▶ [Work instruction]: Leave out the pictures and output exactly the lines below from the one with "G.I.G ''Flamingo'' Distressed" down to the one with "המתפללים, דתיים לאומיים", both of them included.

▶ [Extracted records]:

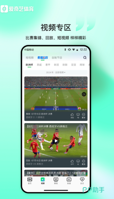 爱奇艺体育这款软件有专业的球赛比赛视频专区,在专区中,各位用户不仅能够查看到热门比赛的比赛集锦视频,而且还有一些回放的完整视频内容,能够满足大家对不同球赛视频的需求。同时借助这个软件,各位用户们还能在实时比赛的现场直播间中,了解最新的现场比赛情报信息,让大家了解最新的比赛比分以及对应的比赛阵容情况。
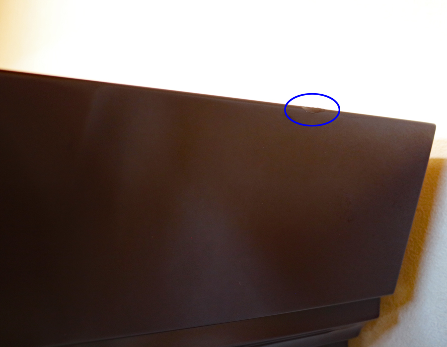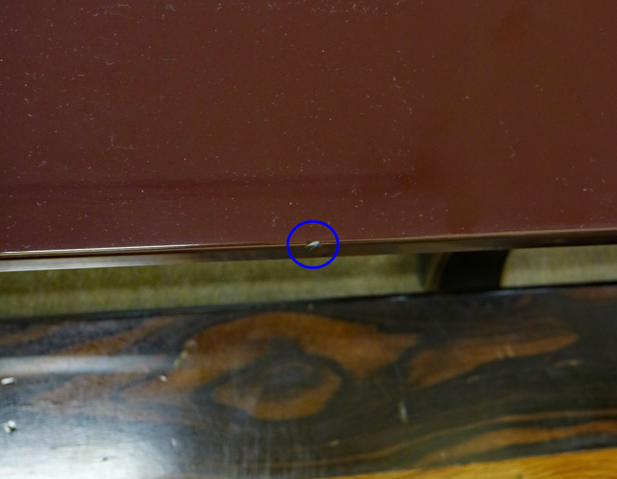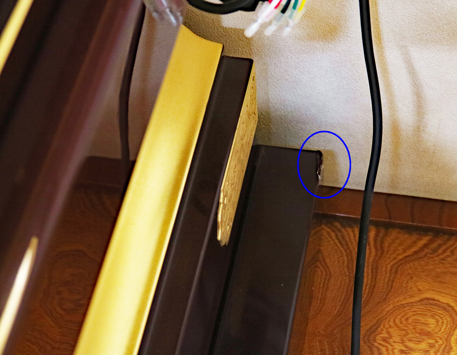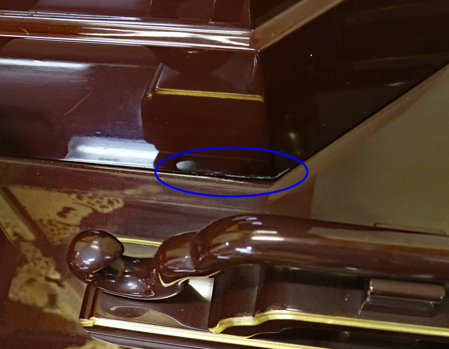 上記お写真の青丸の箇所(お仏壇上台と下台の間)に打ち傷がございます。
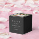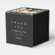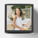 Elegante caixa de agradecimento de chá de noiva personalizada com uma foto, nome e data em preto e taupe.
==
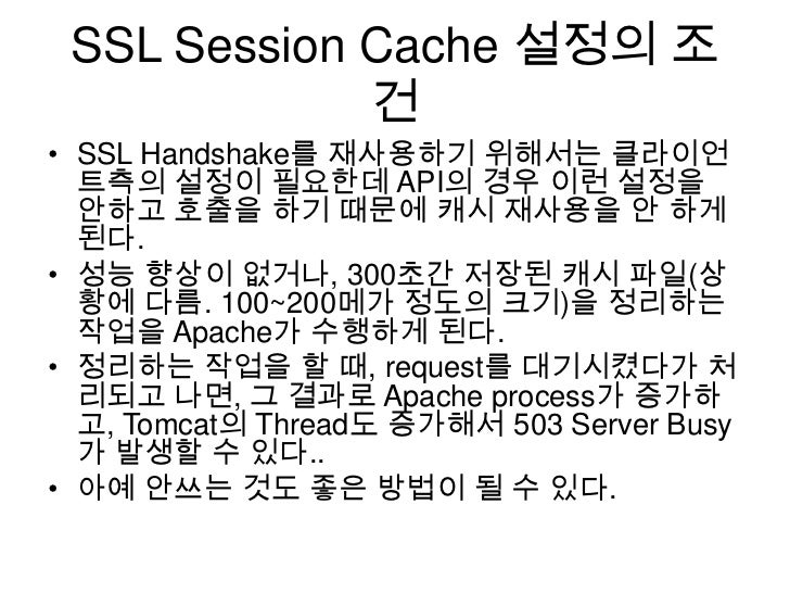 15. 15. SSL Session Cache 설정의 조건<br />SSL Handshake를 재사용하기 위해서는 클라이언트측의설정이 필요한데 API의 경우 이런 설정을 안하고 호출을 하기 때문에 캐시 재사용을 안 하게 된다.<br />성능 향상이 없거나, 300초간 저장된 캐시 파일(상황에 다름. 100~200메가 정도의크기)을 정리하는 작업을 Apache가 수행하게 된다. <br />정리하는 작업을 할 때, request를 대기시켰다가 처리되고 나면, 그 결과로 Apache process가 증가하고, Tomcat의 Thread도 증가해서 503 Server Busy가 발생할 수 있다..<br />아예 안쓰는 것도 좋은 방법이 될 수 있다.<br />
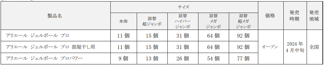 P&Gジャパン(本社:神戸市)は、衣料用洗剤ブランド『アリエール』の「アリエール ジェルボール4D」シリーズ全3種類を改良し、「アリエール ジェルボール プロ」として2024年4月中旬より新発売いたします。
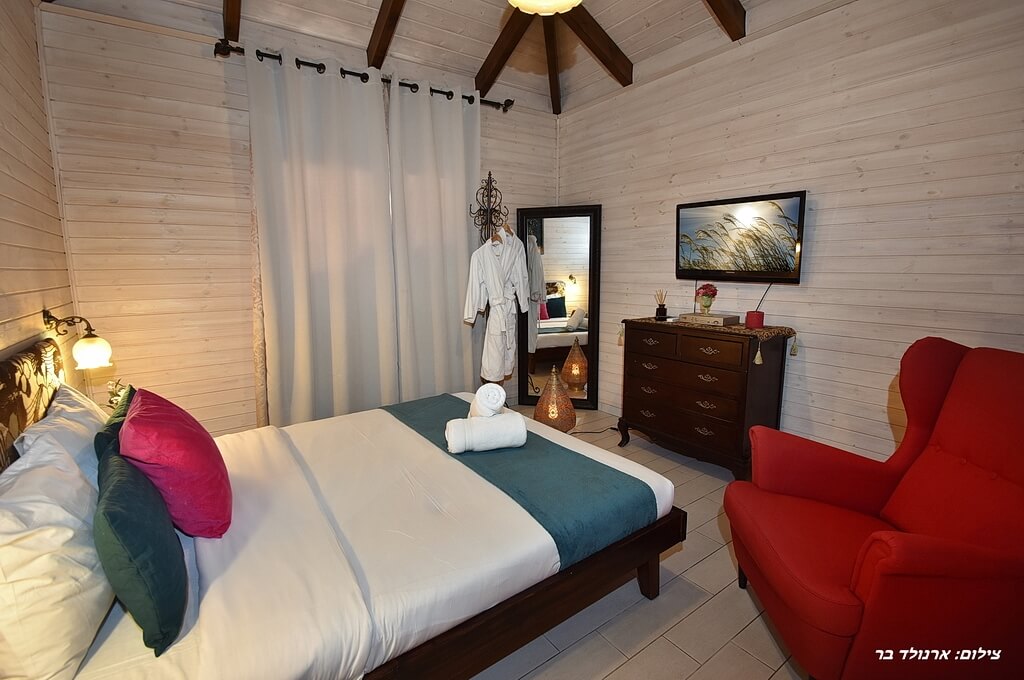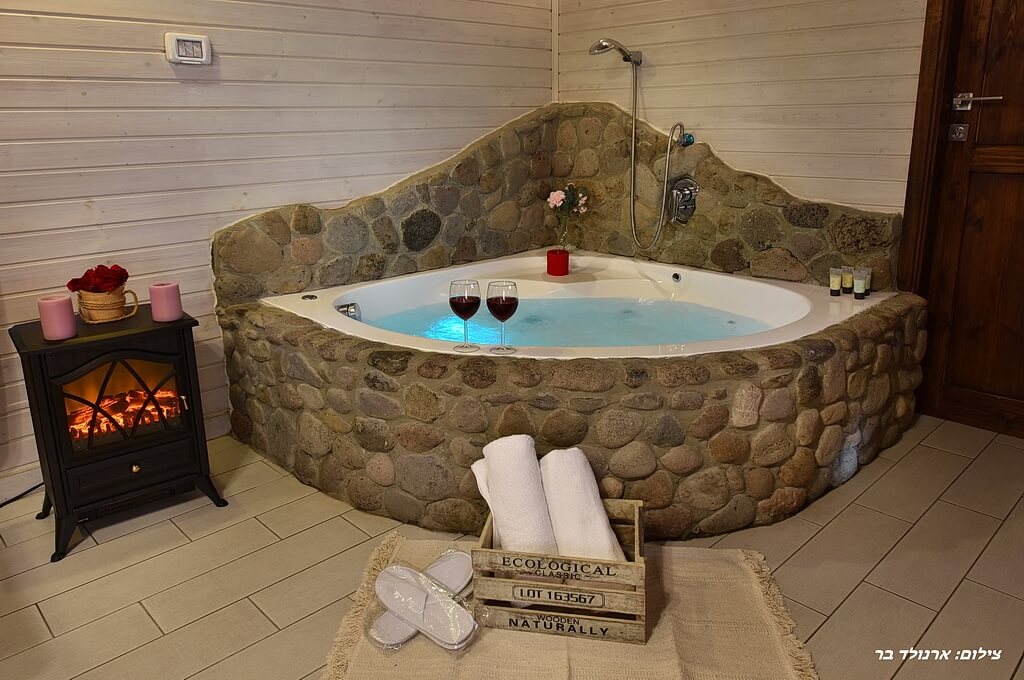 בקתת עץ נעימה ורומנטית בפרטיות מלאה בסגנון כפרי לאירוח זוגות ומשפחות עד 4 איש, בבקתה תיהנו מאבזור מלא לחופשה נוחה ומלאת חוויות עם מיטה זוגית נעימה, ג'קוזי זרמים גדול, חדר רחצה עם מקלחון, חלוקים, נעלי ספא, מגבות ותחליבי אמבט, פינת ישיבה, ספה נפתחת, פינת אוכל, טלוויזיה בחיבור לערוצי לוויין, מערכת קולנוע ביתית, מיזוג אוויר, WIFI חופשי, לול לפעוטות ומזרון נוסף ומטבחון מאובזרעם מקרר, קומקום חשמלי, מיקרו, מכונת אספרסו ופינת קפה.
==
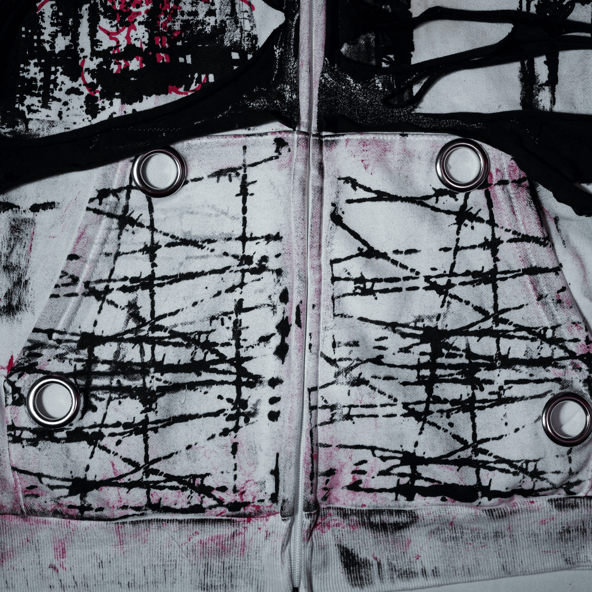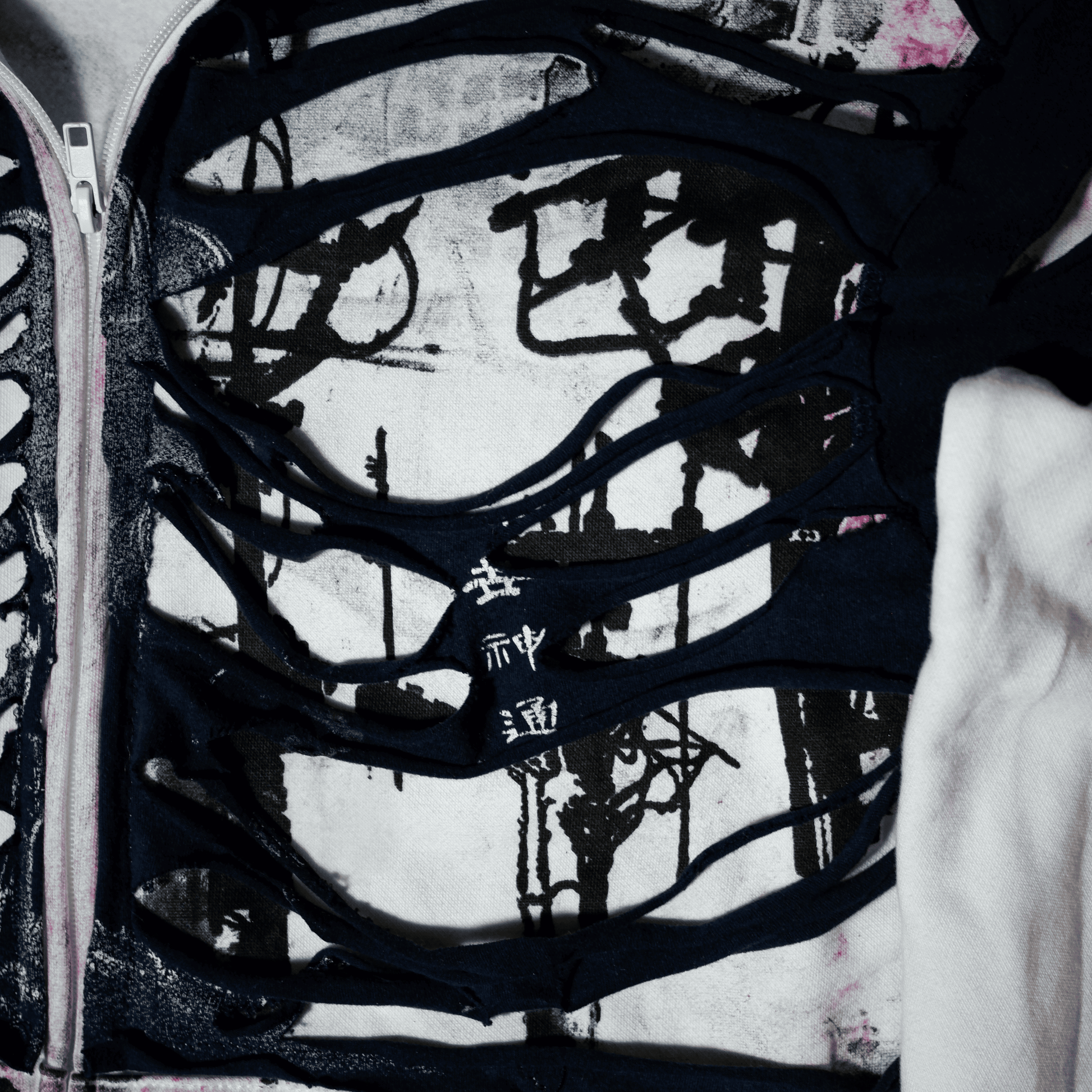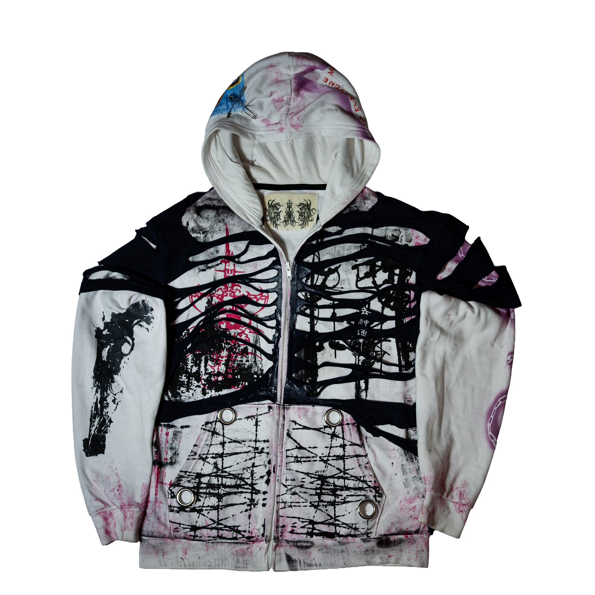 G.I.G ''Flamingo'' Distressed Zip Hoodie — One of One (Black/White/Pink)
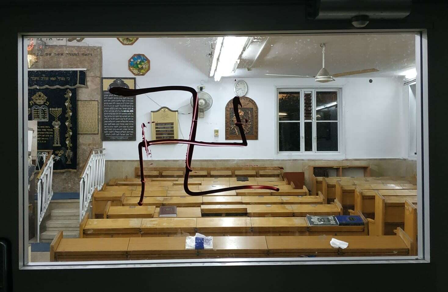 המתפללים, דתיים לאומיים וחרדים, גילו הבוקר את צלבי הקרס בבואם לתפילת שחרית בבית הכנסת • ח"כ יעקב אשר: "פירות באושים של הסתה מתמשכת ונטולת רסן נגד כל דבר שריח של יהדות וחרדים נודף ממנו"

▶ [Result for this exercise]:
 G.I.G ''Flamingo'' Distressed Zip Hoodie — One of One (Black/White/Pink)
 המתפללים, דתיים לאומיים וחרדים, גילו הבוקר את צלבי הקרס בבואם לתפילת שחרית בבית הכנסת • ח"כ יעקב אשר: "פירות באושים של הסתה מתמשכת ונטולת רסן נגד כל דבר שריח של יהדות וחרדים נודף ממנו"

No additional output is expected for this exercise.